Friday, March 20, 2015

A Note on NH-10 (Hindi; 2015)



There was a fair amount in the NH-10 trailers that I find off-putting about contemporary Bollywood: the utterly (and to me, somewhat alienating) Hollywood cinematic idiom, the sense that the film's audience must share the socio-economic aspirations of the two lead characters, the sort of de-racinated upwardly mobile Indians presented as normal, almost the only "normal" in a milieu where to be "ethnic" is to be associated with violence and deprivation's dark heart. Director Navdeep Singh's film (his second, after the atmospheric Chinatown remake Manorama Six Feet Under) certainly pushes those buttons, but there's much more to the film, making it one of the best (and certainly the most harrowing) Hindi films of the last few months.

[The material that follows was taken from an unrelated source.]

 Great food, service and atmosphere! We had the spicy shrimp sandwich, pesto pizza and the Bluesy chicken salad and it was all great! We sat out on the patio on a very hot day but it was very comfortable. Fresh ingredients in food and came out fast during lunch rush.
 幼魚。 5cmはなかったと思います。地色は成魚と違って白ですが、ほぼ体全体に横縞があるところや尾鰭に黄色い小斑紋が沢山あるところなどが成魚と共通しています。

First, NH-10 is completely gripping, pervaded by violence that is raw, and completely human-scale.  In fact, most of the film's suspense is tied up with the prospect of such violence being visited on this or that character: it isn't the plot twists that hold us (rule of thumb: if a lead character has spent a lot of effort evading baddies, she isn't going to get caught) so much as the fear and nausea that (yet more) punishment might be in store for Meera (Anushka Sharma) and Arjun (Neil Bhoopalam), the preppie couple from Delhi who find themselves entangled in an ugly situation involving an "honor" killing in rural Haryana.  And it is to Navdeep Singh's credit that NH-10 evokes this atmosphere in a way that never lets the prospect of rape (i.e. the titillation that is all too often inextricable from representations of rape on-screen) distract us from the pain and brutality involved: you won't see goons foisting themselves on the heroine here -- but you will see her and others get viciously beaten, in ways that will stay with you long after the film has ended.

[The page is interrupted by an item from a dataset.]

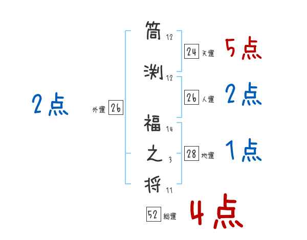 天運![]() | 筒渕福之将さんの天運は24画の5つ星!家庭運が良く順調な人生。金運にも恵まれる。 家系が持つ宿命的な運勢を表します。祖先から受け継いだ苗字ですので自分の力が及びません。家柄を象徴します。 |

But by film's end, it's clear that Singh is getting at something more than a run-of-the-mill thriller: NH-10's two hours are littered with signs that Meera and Arjun's world shares some of the same codes as that of the Haryanvi village, even as the former cannot pick up on any of the latter's signals (even benign ones).  Looking back one may chuckle at Meera's powerpoint on the "rural consumer" of contraception and the right marketing strategy for him/her -- she is at once spot on and hopelessly naive -- but NH-10 won't allow its viewers the smugness of distance.  Arjun's own patriarchal codes contribute heavily to the mess the couple find themselves in, and he isn't the only one: witness the snide remark from Meera's male colleague about how women find it easier to impress their bosses; and then there's an excellent scene early on in the film when Meera and Arjun are in a Delhi police station to file a complaint about a night-time attack on Meera; the kindly-looking policeman spends most of his time talking to Arjun, and finally asks him how he can allow his wife to go out unaccompanied late at night -- we all know the sort of city this is.  Indeed we do, and Navdeep Singh reminds us that the world of rural Hissar and Rohtak aren't as far away from New India's great urban centers as we might like to imagine. (Conversely, we don't often encounter female characters in action films with as vigorous a sense of agency as Meera -- sadly, even in American cinema this sort of indomitable spirit is typically associated with the likes of the super-heroine goddesses of Kill Bill and Lucy -- and that is reason enough to take notice of co-producer and actress Anushka Sharma here.)

Mahatma Gandhi's phrase "An eye for an eye makes the whole world blind"  haunts this film (mostly because no-one subscribes to the credo), and as NH-10 narrows its focus onto Meera, we see that she has more than a little in common with the iron sarpanch (played with scene-stealing competence by the unexpected Deepti Naval) who combines in her person great tenderness as well as unspeakable cruelty. "Jo karna tha, so karna tha" is the motto of more than one person here, and the line is no throwaway, embodying the film's darkest insight: that we can inflict great cruelty on others when we feel there is no other choice; more accurately, that cruelty can be just as natural as breathing if it is woven into the texture of our immediate experience so finely that its ideological underpinnings may no longer be seen as anything other than natural.